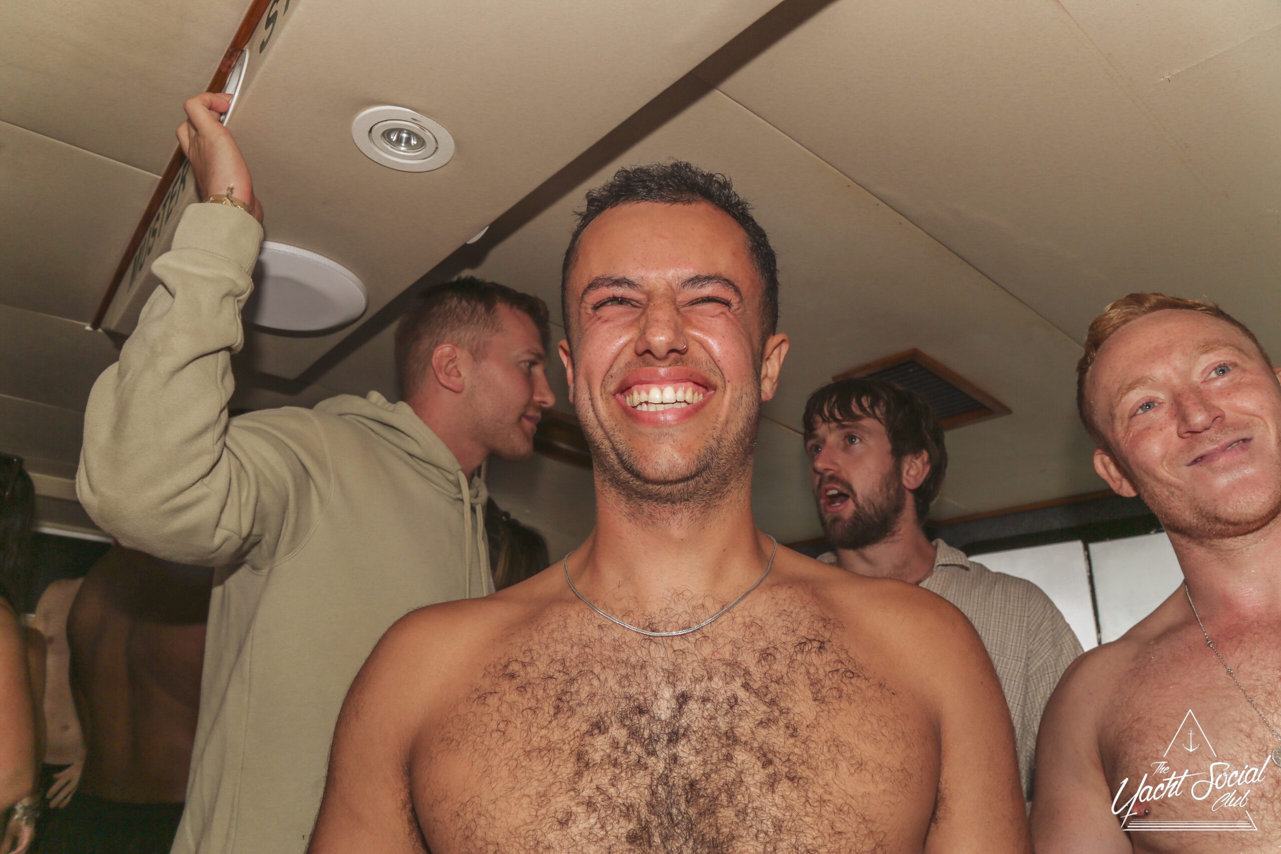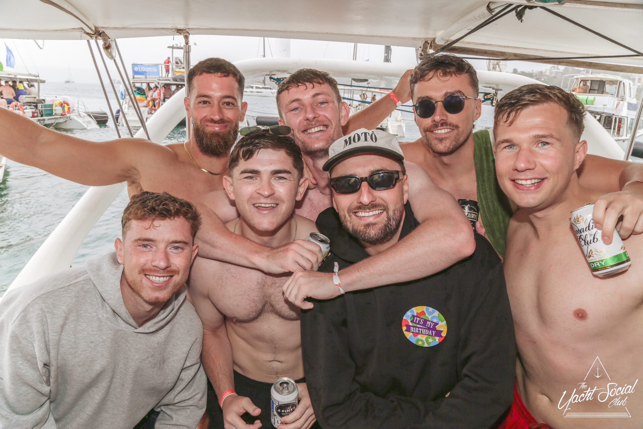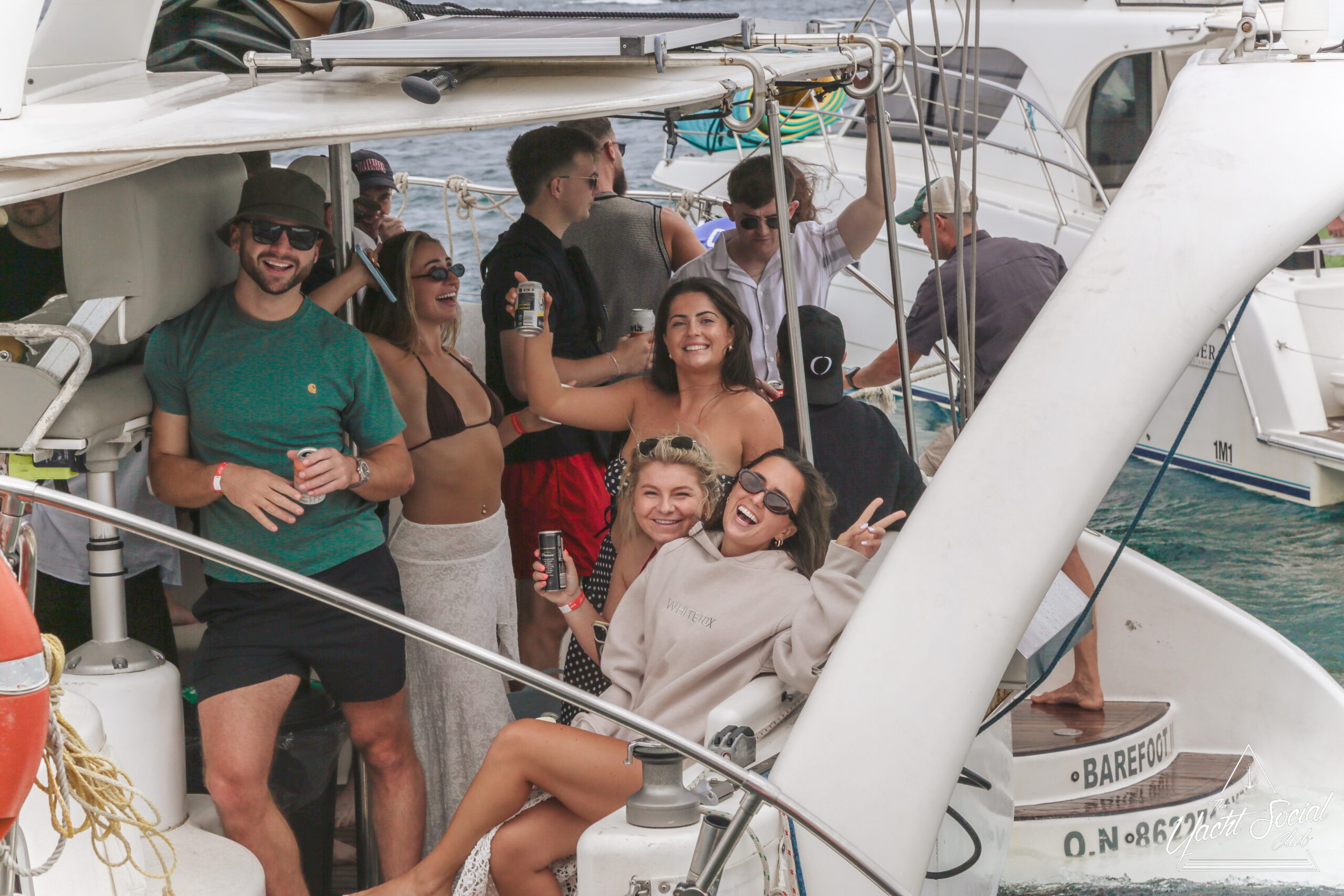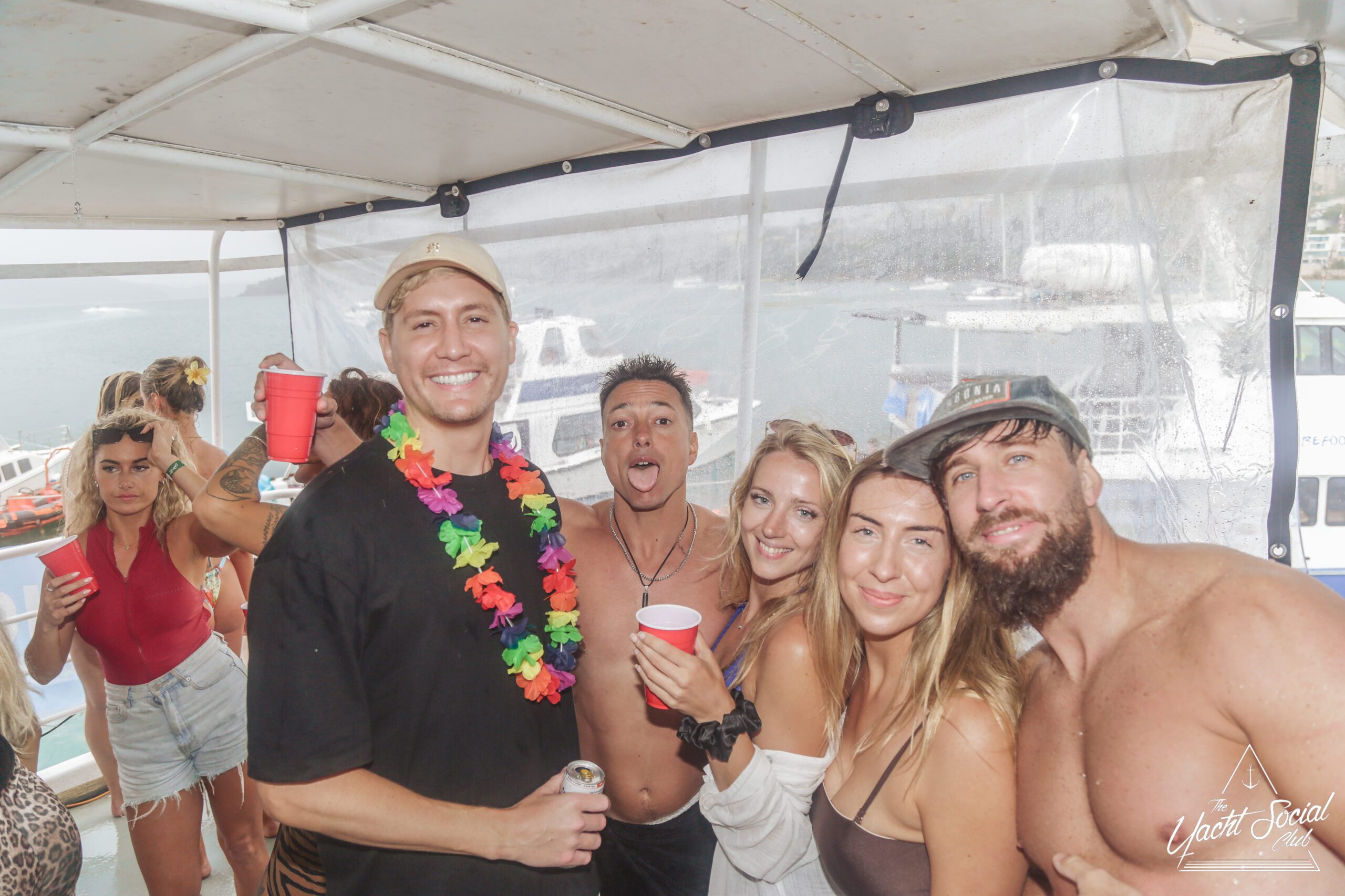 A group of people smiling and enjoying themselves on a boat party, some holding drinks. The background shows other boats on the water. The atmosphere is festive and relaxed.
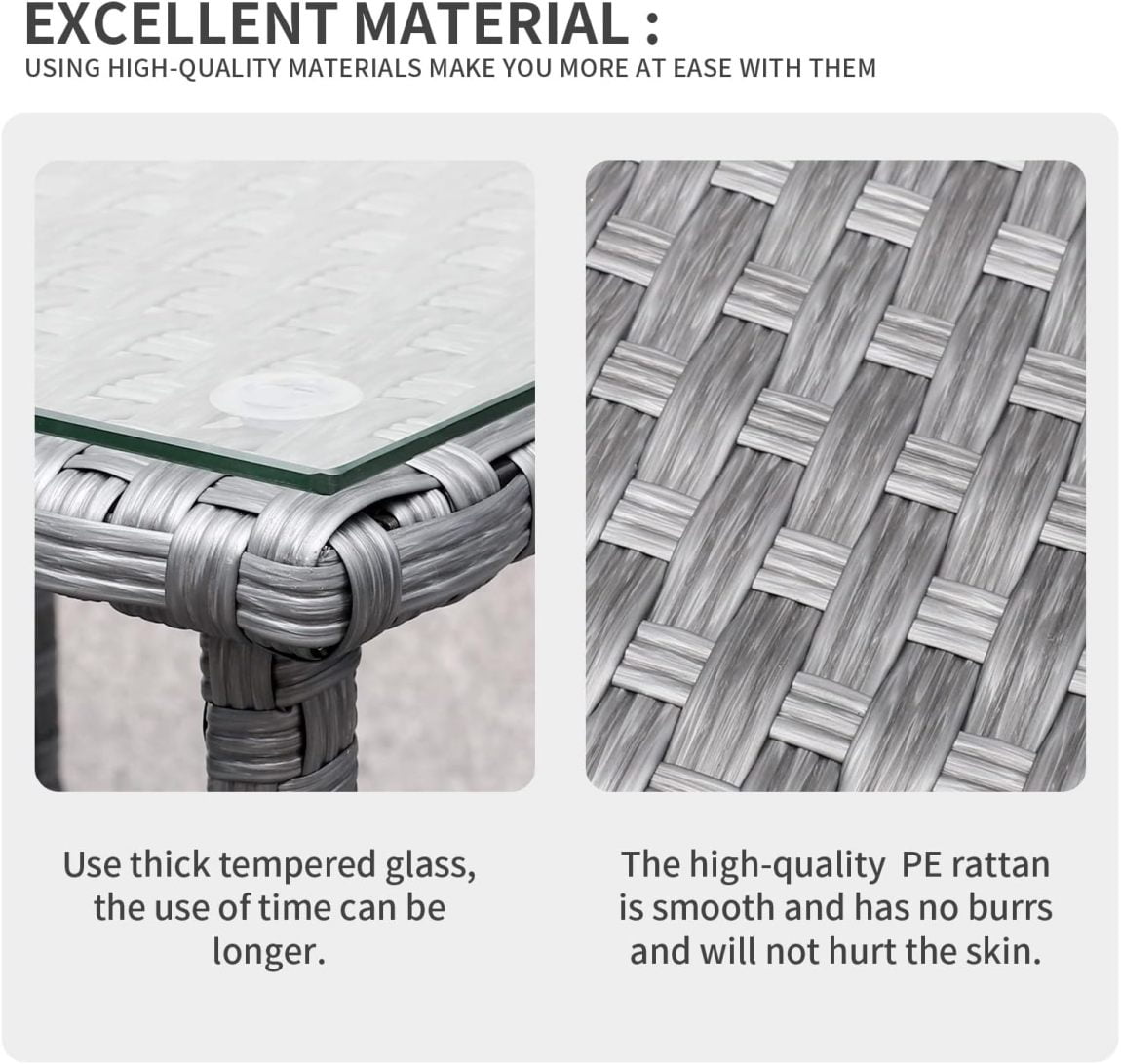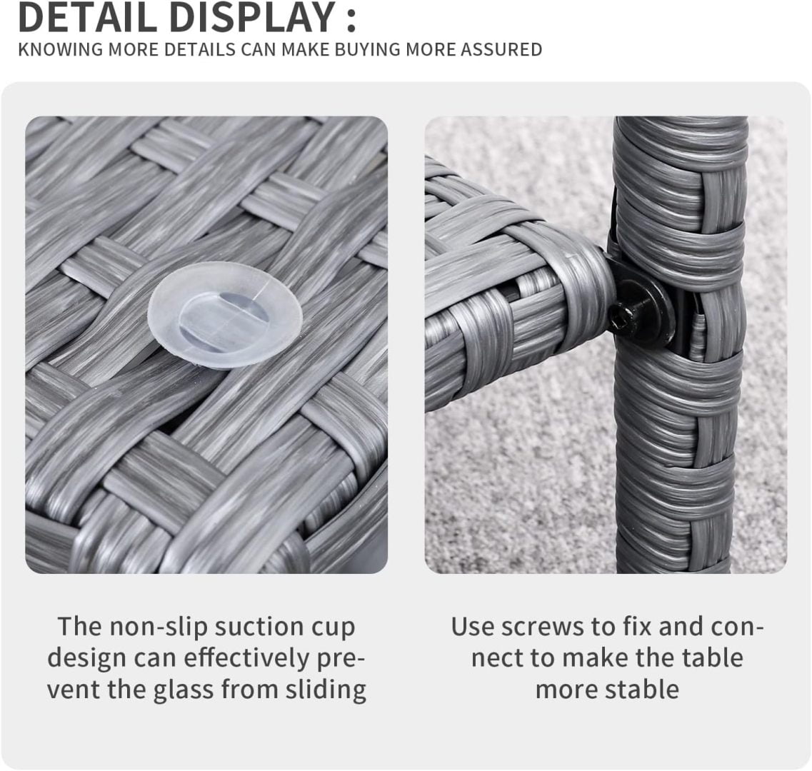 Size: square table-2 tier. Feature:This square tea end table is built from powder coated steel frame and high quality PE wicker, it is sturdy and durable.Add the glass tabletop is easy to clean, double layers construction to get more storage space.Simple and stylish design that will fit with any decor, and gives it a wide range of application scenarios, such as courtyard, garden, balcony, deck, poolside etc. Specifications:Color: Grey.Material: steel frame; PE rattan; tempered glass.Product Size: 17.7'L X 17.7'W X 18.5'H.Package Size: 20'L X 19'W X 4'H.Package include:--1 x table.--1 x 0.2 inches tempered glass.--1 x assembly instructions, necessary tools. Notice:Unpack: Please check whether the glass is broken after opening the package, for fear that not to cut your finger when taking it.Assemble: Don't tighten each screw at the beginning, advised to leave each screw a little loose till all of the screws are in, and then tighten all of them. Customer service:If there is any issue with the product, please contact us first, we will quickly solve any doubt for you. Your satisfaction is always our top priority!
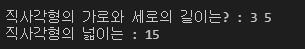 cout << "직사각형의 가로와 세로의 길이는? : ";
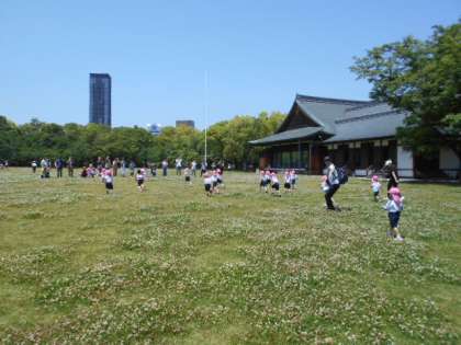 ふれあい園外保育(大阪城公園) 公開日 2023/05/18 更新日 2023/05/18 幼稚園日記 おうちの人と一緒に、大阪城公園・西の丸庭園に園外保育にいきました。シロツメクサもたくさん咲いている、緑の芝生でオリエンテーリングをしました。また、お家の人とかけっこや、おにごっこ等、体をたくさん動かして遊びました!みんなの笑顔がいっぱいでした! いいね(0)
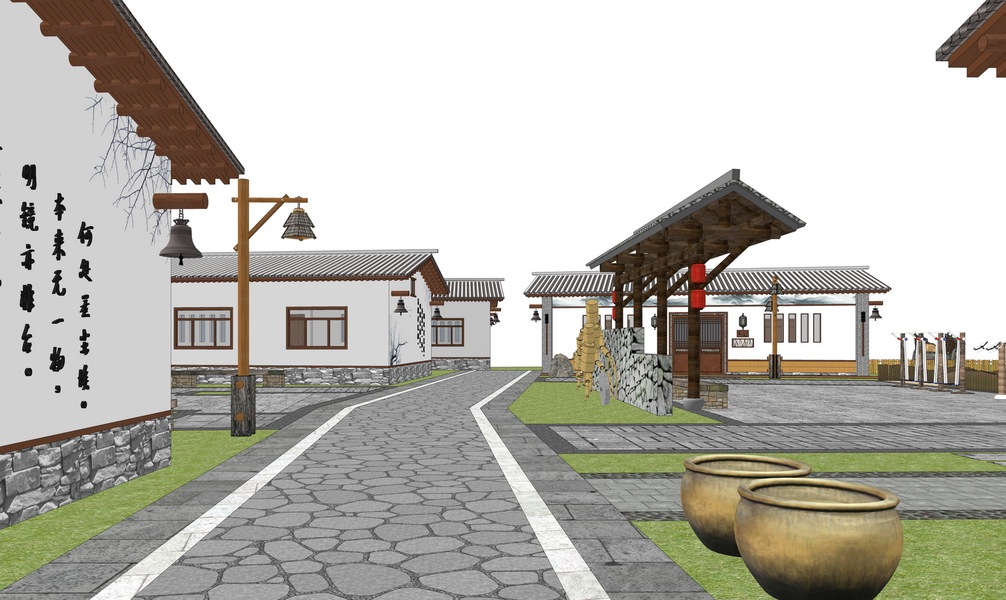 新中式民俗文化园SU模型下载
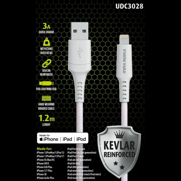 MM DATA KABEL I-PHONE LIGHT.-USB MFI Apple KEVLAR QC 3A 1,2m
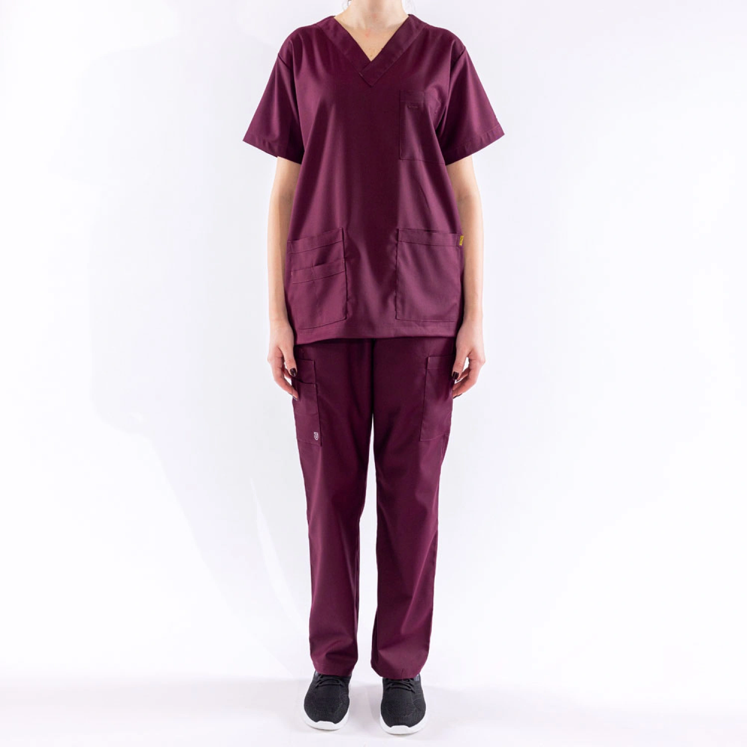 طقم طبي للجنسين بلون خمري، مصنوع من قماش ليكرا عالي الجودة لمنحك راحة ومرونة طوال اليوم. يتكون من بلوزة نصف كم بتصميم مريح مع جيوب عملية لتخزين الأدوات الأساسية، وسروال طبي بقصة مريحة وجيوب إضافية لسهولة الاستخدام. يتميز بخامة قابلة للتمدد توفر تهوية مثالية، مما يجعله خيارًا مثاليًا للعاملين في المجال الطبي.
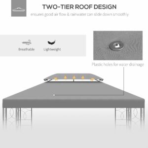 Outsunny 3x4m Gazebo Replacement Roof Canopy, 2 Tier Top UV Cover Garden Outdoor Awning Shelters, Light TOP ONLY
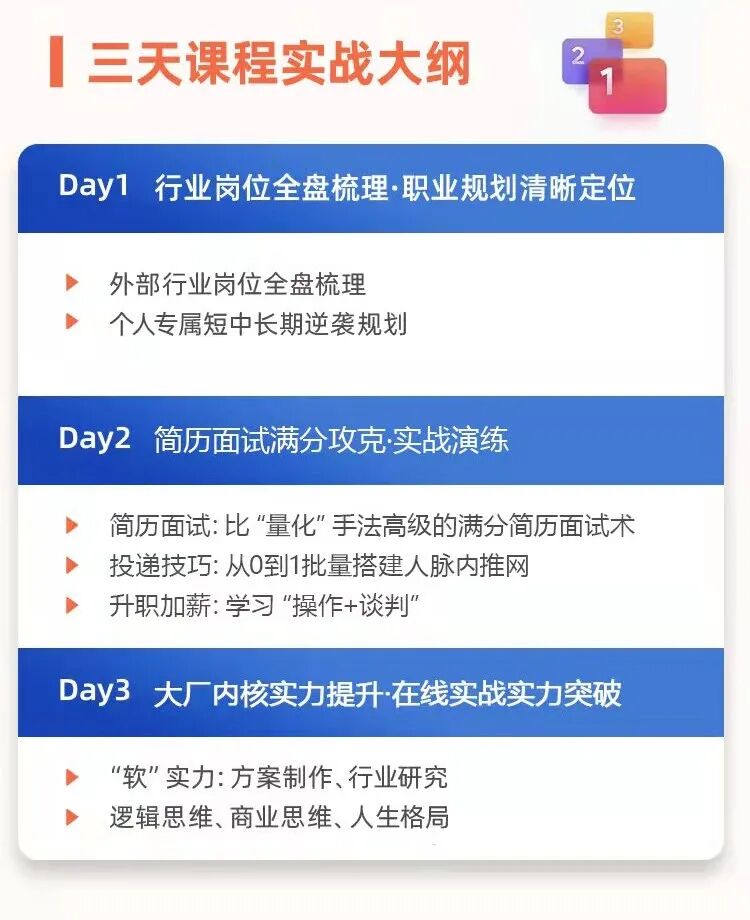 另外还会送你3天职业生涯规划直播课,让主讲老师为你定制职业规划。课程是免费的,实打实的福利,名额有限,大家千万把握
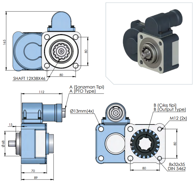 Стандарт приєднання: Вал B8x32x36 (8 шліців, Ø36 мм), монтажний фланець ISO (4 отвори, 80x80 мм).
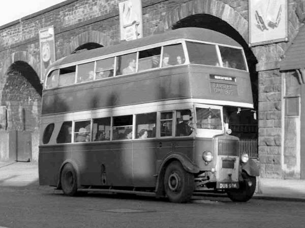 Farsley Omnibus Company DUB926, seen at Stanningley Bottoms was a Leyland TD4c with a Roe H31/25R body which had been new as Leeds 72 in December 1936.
◆ ◆ ◆ ◆
Exercise requirements
Nothing except the lines from the one containing "ふれあい園外保育(大阪城公園) 公開日 2023/05/18" through the one containing "Outsunny 3x4m Gazebo" should appear in the answer, exactly as above and without pictures.

Reply to the task
 ふれあい園外保育(大阪城公園) 公開日 2023/05/18 更新日 2023/05/18 幼稚園日記 おうちの人と一緒に、大阪城公園・西の丸庭園に園外保育にいきました。シロツメクサもたくさん咲いている、緑の芝生でオリエンテーリングをしました。また、お家の人とかけっこや、おにごっこ等、体をたくさん動かして遊びました!みんなの笑顔がいっぱいでした! いいね(0)
 新中式民俗文化园SU模型下载
 MM DATA KABEL I-PHONE LIGHT.-USB MFI Apple KEVLAR QC 3A 1,2m
 طقم طبي للجنسين بلون خمري، مصنوع من قماش ليكرا عالي الجودة لمنحك راحة ومرونة طوال اليوم. يتكون من بلوزة نصف كم بتصميم مريح مع جيوب عملية لتخزين الأدوات الأساسية، وسروال طبي بقصة مريحة وجيوب إضافية لسهولة الاستخدام. يتميز بخامة قابلة للتمدد توفر تهوية مثالية، مما يجعله خيارًا مثاليًا للعاملين في المجال الطبي.
 Outsunny 3x4m Gazebo Replacement Roof Canopy, 2 Tier Top UV Cover Garden Outdoor Awning Shelters, Light TOP ONLY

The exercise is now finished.